◆ YOUR ASSIGNMENT
Go to the line below that has "Given the space", print it and each line after it exactly, and stop after the line that has "疼痛,不适souffrir d'un mal"; leave out pictures.

◆ DATASET EXTRACT
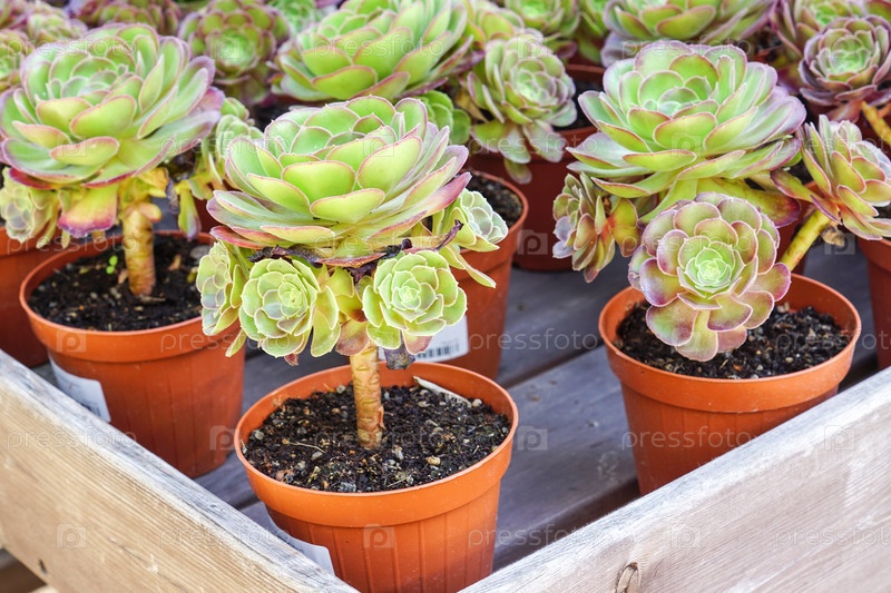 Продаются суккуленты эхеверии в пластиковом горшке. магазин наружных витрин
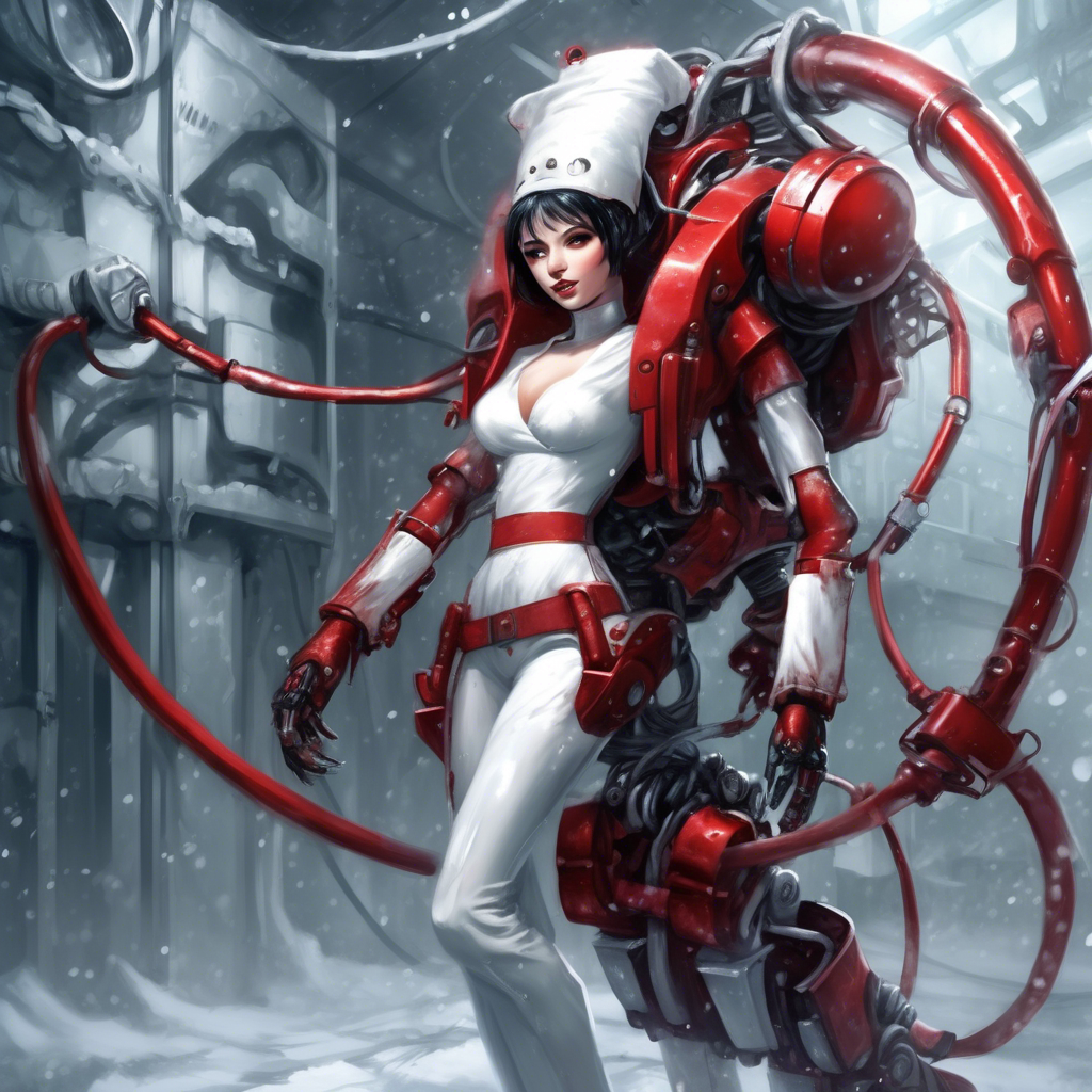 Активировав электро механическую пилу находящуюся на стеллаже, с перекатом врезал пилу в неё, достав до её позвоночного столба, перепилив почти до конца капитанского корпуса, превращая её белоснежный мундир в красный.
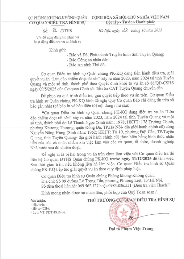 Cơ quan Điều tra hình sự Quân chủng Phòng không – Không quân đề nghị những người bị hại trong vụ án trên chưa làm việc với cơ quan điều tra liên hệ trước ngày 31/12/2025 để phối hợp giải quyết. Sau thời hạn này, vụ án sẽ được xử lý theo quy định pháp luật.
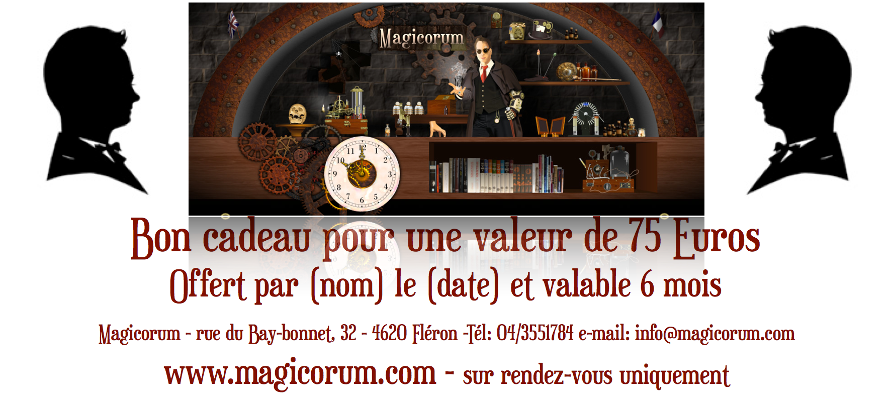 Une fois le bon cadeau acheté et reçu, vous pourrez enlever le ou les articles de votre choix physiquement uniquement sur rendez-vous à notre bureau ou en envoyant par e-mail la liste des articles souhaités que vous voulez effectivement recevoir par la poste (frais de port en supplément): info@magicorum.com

==

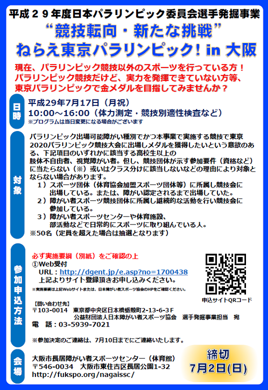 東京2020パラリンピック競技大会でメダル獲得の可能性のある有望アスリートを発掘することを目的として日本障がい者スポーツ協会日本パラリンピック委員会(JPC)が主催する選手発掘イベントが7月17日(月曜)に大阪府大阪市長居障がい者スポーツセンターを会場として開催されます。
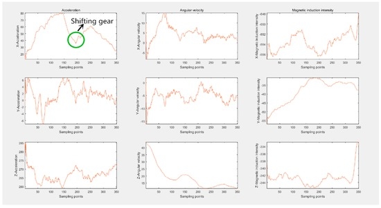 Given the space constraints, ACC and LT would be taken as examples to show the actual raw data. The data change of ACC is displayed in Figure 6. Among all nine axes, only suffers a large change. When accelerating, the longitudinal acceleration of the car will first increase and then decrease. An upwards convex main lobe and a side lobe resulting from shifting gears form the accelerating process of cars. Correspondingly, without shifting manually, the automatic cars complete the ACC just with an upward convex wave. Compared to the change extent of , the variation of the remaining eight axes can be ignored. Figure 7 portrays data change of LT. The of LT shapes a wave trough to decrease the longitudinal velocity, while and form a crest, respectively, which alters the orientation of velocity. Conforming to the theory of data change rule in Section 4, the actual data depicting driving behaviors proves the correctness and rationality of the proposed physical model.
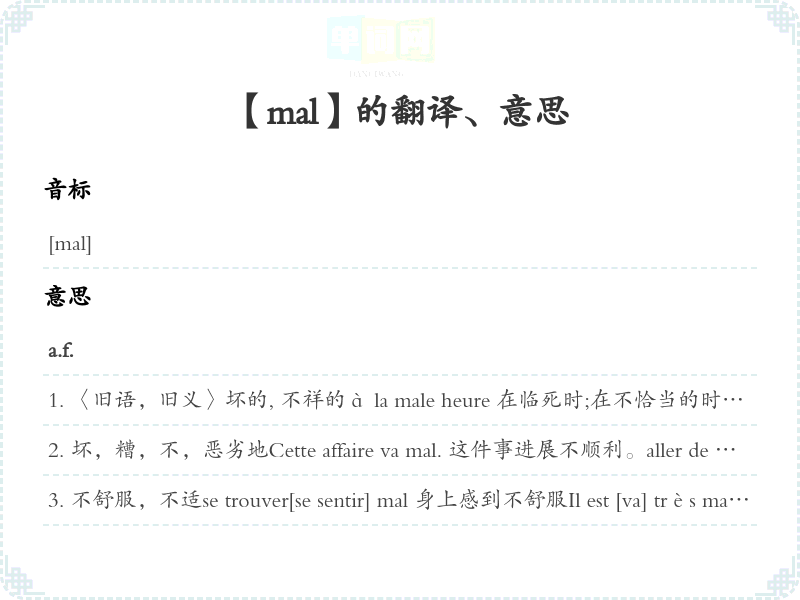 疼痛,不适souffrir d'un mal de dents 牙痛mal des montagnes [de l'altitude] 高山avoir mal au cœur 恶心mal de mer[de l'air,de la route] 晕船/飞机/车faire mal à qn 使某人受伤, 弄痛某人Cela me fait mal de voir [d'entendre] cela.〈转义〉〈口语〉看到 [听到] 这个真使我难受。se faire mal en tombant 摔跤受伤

◆ THE ANSWER
 Given the space constraints, ACC and LT would be taken as examples to show the actual raw data. The data change of ACC is displayed in Figure 6. Among all nine axes, only suffers a large change. When accelerating, the longitudinal acceleration of the car will first increase and then decrease. An upwards convex main lobe and a side lobe resulting from shifting gears form the accelerating process of cars. Correspondingly, without shifting manually, the automatic cars complete the ACC just with an upward convex wave. Compared to the change extent of , the variation of the remaining eight axes can be ignored. Figure 7 portrays data change of LT. The of LT shapes a wave trough to decrease the longitudinal velocity, while and form a crest, respectively, which alters the orientation of velocity. Conforming to the theory of data change rule in Section 4, the actual data depicting driving behaviors proves the correctness and rationality of the proposed physical model.
 疼痛,不适souffrir d'un mal de dents 牙痛mal des montagnes [de l'altitude] 高山avoir mal au cœur 恶心mal de mer[de l'air,de la route] 晕船/飞机/车faire mal à qn 使某人受伤, 弄痛某人Cela me fait mal de voir [d'entendre] cela.〈转义〉〈口语〉看到 [听到] 这个真使我难受。se faire mal en tombant 摔跤受伤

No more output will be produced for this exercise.